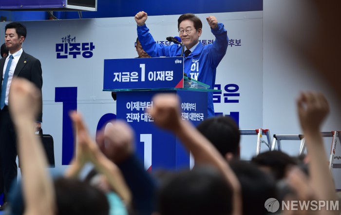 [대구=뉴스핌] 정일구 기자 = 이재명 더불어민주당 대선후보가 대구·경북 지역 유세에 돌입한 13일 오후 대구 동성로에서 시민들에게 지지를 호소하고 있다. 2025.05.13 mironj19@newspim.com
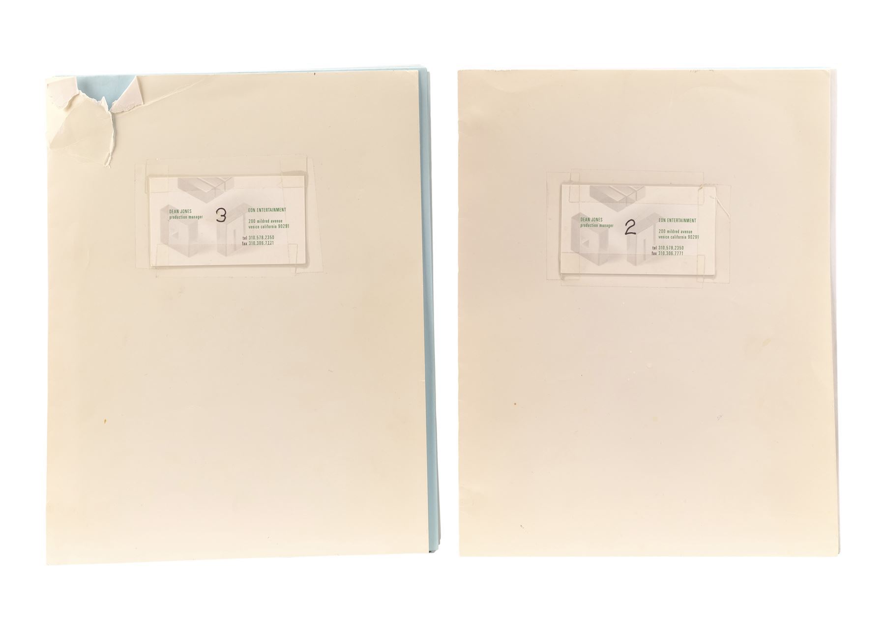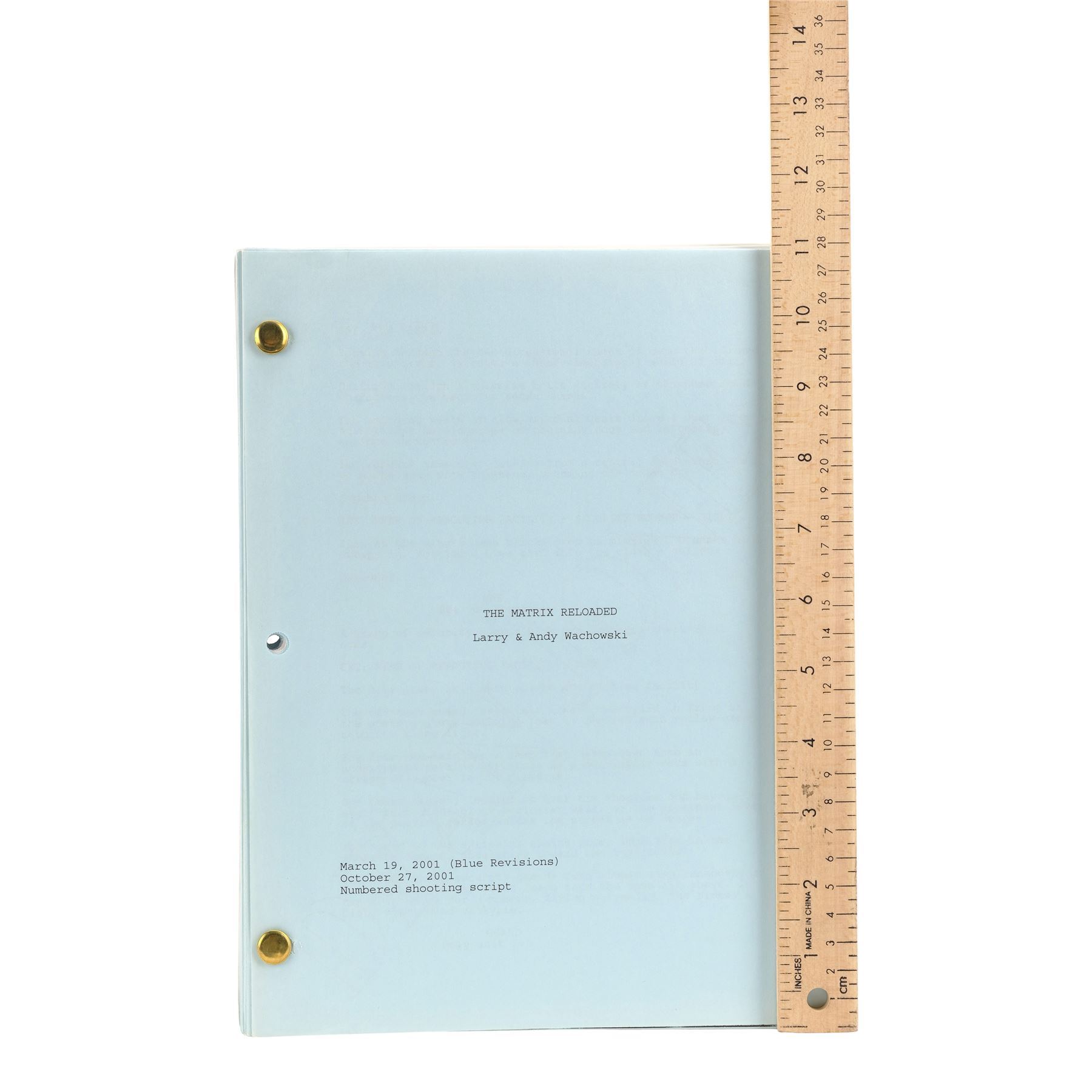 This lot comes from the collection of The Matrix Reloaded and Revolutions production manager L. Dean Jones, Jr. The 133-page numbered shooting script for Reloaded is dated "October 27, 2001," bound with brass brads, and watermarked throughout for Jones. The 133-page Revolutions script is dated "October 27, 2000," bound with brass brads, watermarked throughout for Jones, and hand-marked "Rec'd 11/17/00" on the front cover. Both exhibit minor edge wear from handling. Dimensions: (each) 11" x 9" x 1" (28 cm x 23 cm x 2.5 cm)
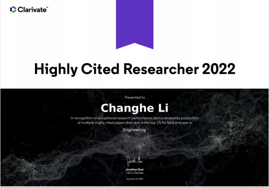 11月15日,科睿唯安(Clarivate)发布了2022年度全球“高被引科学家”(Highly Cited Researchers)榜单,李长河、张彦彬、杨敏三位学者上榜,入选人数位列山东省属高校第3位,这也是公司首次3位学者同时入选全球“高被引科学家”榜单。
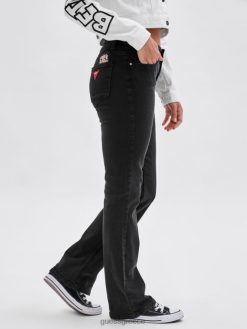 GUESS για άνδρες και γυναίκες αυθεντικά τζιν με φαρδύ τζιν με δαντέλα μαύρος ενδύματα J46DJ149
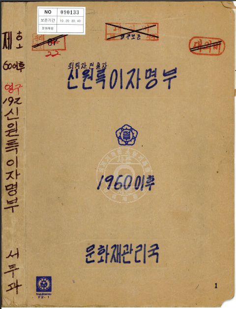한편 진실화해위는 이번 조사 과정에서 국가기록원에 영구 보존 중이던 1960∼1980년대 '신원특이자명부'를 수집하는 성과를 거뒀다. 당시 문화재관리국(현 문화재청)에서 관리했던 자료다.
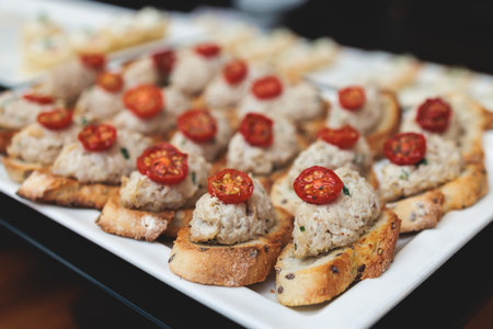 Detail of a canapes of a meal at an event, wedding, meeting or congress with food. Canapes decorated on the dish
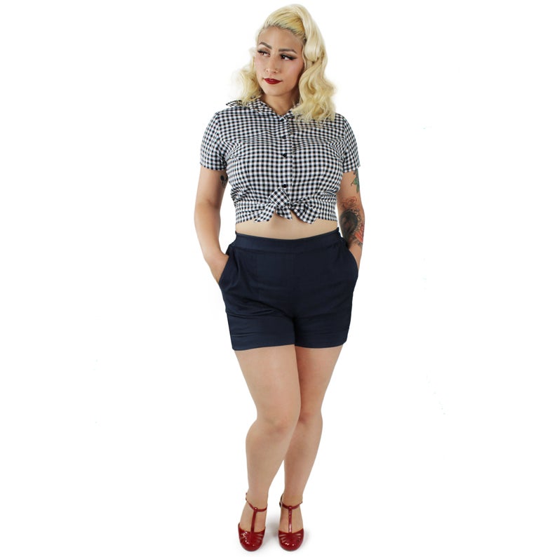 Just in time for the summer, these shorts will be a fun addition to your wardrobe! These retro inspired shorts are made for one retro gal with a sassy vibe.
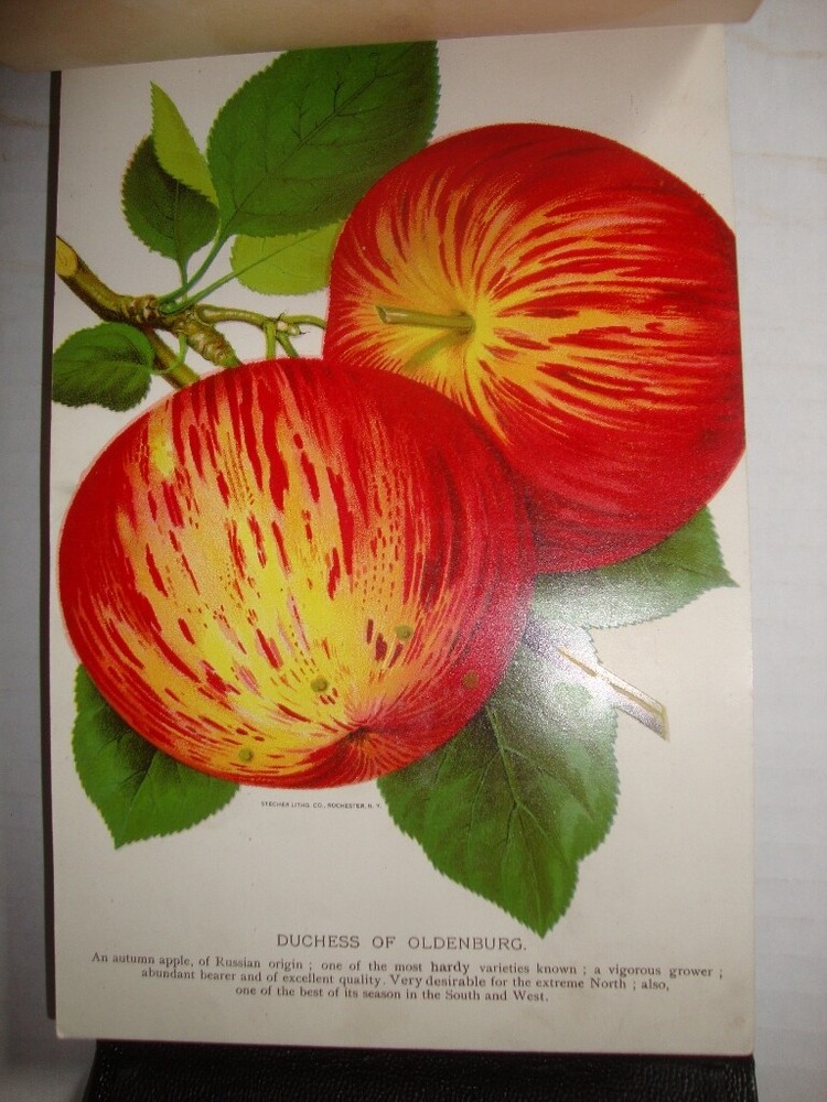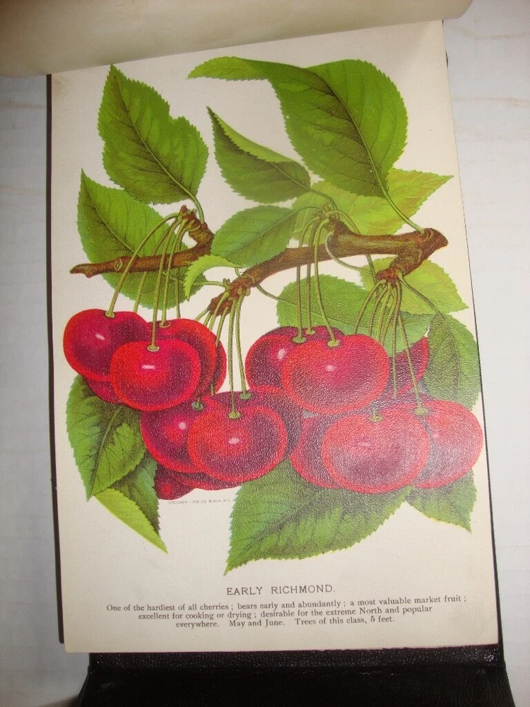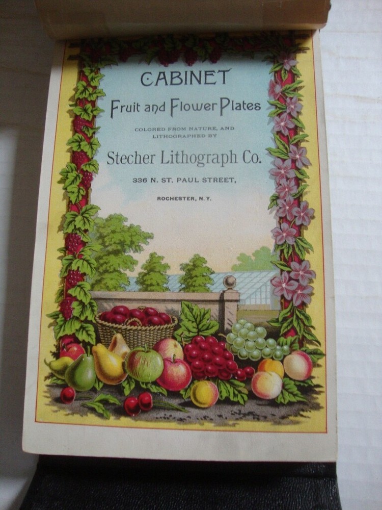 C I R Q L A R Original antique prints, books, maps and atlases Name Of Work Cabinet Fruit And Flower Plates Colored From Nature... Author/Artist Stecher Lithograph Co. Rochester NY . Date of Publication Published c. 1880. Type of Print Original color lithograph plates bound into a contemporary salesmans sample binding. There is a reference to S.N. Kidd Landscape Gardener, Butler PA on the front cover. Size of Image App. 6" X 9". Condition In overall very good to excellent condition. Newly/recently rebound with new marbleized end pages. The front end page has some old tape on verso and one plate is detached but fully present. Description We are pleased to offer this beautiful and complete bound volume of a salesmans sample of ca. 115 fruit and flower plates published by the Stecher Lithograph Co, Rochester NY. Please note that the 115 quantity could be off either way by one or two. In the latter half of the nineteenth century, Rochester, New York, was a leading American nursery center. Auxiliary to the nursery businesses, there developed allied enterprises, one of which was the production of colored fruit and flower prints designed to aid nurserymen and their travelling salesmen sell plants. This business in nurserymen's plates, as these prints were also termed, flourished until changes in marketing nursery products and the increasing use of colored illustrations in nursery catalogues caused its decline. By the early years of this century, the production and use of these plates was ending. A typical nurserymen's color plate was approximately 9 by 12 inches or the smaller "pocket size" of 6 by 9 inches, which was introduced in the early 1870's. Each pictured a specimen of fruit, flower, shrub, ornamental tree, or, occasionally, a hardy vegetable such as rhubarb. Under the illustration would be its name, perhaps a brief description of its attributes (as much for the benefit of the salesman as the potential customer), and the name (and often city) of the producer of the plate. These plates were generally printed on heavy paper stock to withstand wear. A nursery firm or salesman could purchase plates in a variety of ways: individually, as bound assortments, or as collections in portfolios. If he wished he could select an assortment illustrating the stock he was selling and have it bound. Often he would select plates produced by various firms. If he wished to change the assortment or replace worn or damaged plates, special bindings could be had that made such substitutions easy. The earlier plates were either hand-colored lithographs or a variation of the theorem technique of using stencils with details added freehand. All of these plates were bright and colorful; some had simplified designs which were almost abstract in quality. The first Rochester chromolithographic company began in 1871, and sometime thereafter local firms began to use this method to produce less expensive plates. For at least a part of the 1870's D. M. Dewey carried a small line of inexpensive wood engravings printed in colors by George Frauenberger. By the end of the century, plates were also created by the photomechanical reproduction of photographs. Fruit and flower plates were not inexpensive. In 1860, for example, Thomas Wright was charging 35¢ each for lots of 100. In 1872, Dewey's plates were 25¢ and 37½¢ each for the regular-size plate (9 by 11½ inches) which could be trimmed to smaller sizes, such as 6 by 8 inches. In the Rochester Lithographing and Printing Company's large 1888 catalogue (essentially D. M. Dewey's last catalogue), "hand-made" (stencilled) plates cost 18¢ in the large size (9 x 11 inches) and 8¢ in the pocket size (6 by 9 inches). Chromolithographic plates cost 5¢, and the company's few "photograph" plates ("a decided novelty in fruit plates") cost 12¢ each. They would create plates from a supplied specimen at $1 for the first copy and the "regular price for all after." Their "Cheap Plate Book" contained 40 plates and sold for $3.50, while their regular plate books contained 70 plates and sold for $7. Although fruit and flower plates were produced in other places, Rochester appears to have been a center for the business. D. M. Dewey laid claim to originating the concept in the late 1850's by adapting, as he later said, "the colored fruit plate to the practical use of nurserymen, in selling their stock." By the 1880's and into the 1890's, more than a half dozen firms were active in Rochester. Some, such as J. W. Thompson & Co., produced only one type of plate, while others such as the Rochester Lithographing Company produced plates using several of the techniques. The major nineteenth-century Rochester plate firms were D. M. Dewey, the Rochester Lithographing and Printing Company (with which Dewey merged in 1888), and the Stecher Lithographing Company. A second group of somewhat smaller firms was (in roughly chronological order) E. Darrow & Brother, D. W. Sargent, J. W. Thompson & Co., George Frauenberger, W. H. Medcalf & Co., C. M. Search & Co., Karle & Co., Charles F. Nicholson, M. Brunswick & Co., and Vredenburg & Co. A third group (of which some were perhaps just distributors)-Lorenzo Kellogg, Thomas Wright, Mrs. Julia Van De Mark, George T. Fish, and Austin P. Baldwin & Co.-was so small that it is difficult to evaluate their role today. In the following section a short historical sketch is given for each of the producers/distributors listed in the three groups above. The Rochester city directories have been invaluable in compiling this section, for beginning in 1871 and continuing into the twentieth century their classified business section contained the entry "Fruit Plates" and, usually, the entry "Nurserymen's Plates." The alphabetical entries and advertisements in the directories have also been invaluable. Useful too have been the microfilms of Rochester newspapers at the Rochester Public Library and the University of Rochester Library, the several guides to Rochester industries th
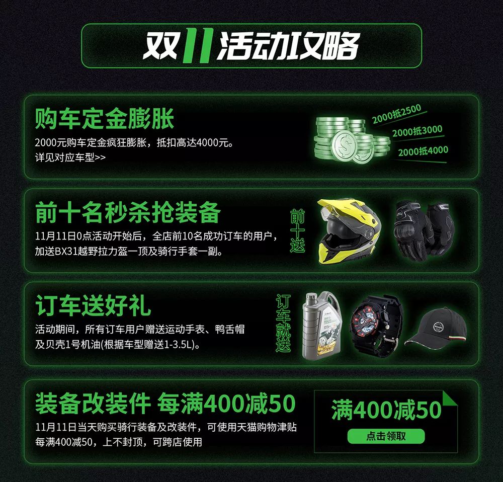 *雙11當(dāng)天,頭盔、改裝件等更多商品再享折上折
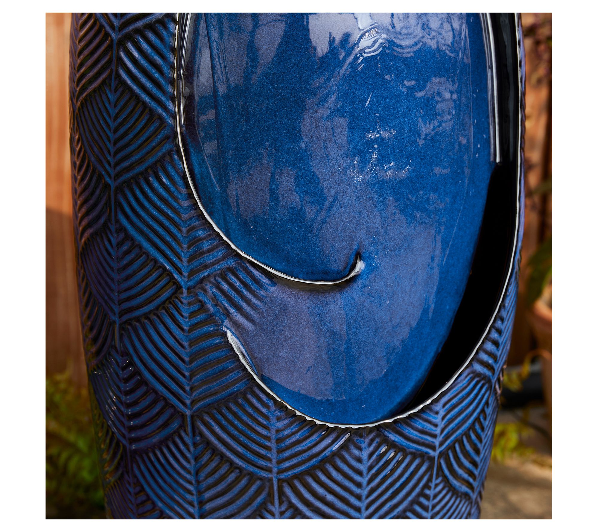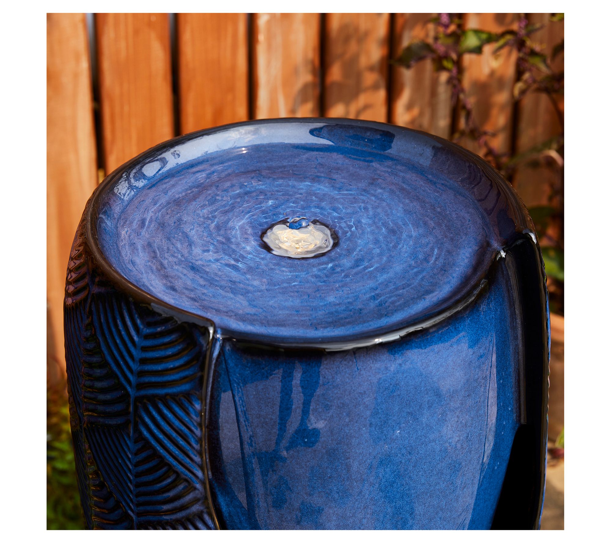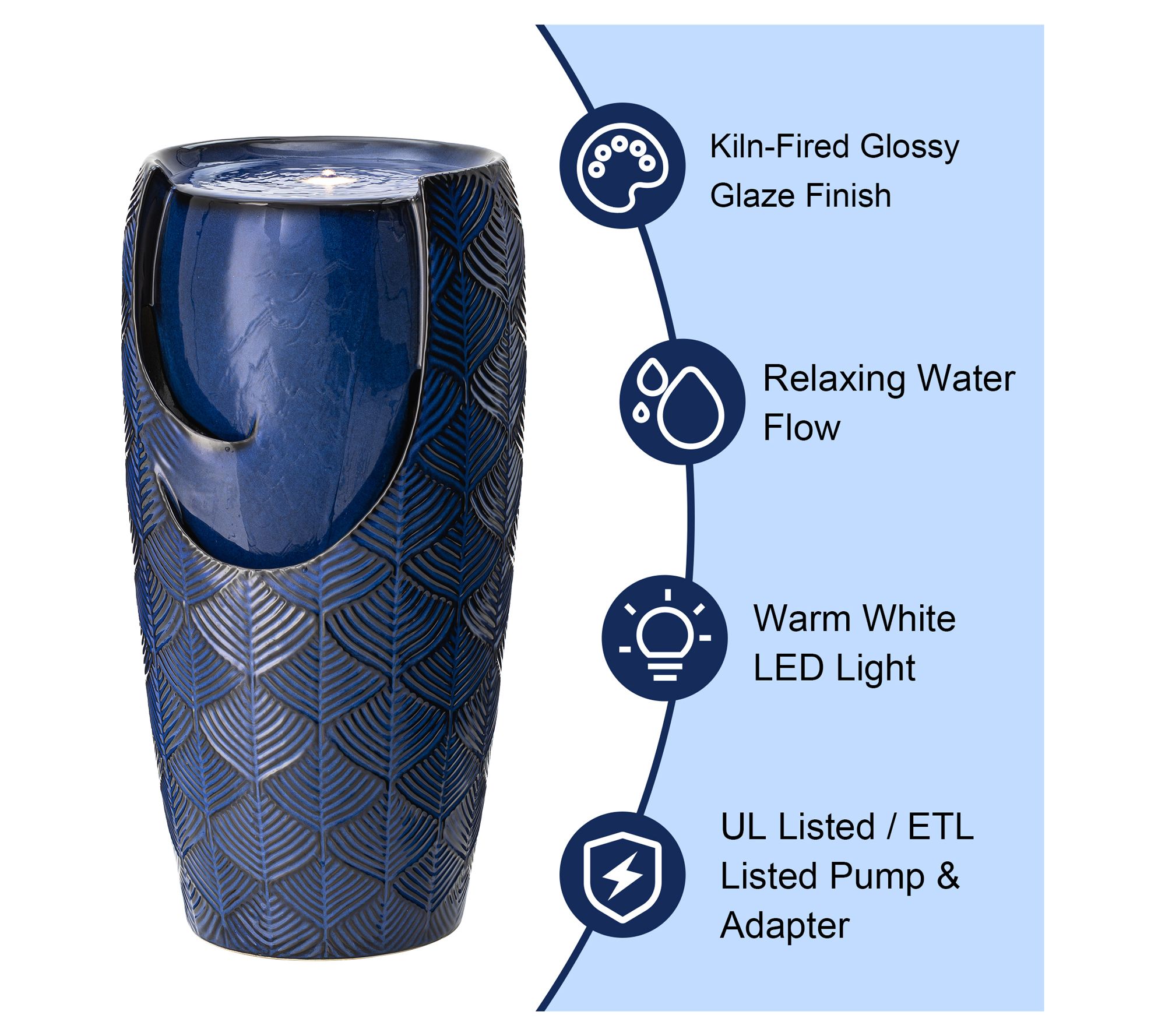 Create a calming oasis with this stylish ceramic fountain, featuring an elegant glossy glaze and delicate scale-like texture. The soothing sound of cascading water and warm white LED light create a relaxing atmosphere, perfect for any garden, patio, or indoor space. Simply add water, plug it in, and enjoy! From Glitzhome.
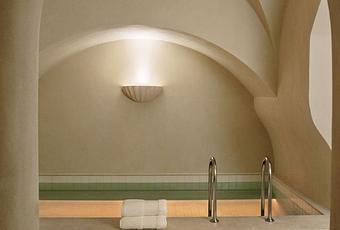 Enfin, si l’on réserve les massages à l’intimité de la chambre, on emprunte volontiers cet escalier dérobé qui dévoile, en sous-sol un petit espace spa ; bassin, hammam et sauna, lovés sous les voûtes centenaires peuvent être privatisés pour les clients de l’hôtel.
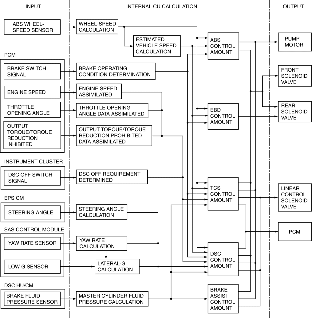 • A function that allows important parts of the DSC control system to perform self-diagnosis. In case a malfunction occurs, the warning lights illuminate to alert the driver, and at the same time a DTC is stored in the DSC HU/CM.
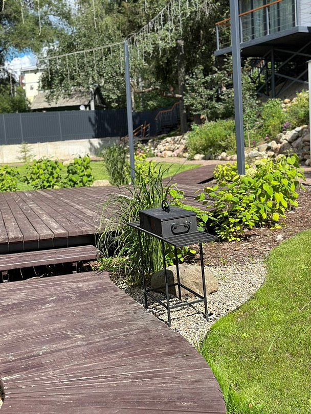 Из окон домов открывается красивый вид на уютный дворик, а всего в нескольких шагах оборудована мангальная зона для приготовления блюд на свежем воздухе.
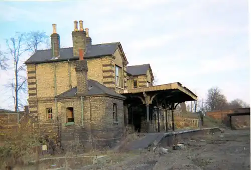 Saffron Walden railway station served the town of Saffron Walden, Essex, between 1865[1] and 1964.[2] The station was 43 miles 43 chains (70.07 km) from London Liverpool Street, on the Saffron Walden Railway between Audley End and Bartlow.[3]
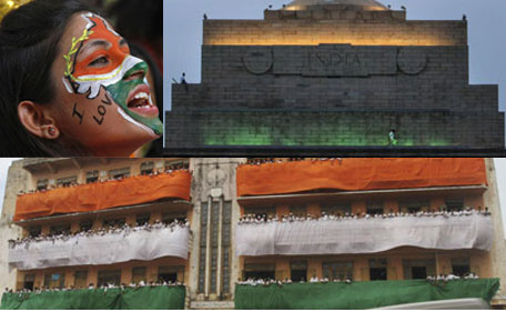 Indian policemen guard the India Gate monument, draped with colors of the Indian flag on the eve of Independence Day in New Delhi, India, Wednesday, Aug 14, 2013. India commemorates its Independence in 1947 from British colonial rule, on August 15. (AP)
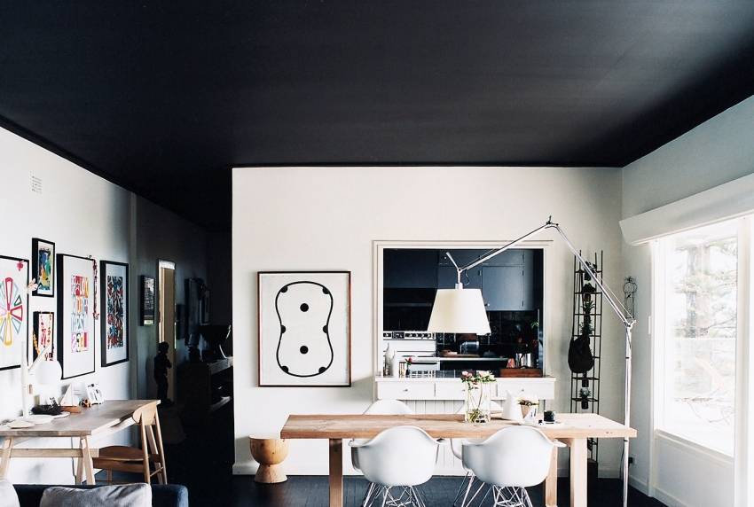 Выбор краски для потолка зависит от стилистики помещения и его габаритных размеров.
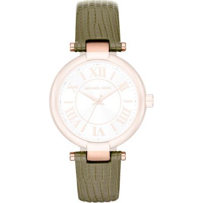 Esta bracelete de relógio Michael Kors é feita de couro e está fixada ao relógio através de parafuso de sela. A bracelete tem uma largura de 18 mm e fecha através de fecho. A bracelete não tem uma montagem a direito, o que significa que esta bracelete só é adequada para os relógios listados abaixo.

- _Work to complete_
In the material above, one part opens with the line containing "GUESS για άνδρες" and closes with the line containing "Just in time". Write out that part exactly and skip its pictures.

- _Written answer_
 GUESS για άνδρες και γυναίκες αυθεντικά τζιν με φαρδύ τζιν με δαντέλα μαύρος ενδύματα J46DJ149
한편 진실화해위는 이번 조사 과정에서 국가기록원에 영구 보존 중이던 1960∼1980년대 '신원특이자명부'를 수집하는 성과를 거뒀다. 당시 문화재관리국(현 문화재청)에서 관리했던 자료다.
 Detail of a canapes of a meal at an event, wedding, meeting or congress with food. Canapes decorated on the dish
 Just in time for the summer, these shorts will be a fun addition to your wardrobe! These retro inspired shorts are made for one retro gal with a sassy vibe.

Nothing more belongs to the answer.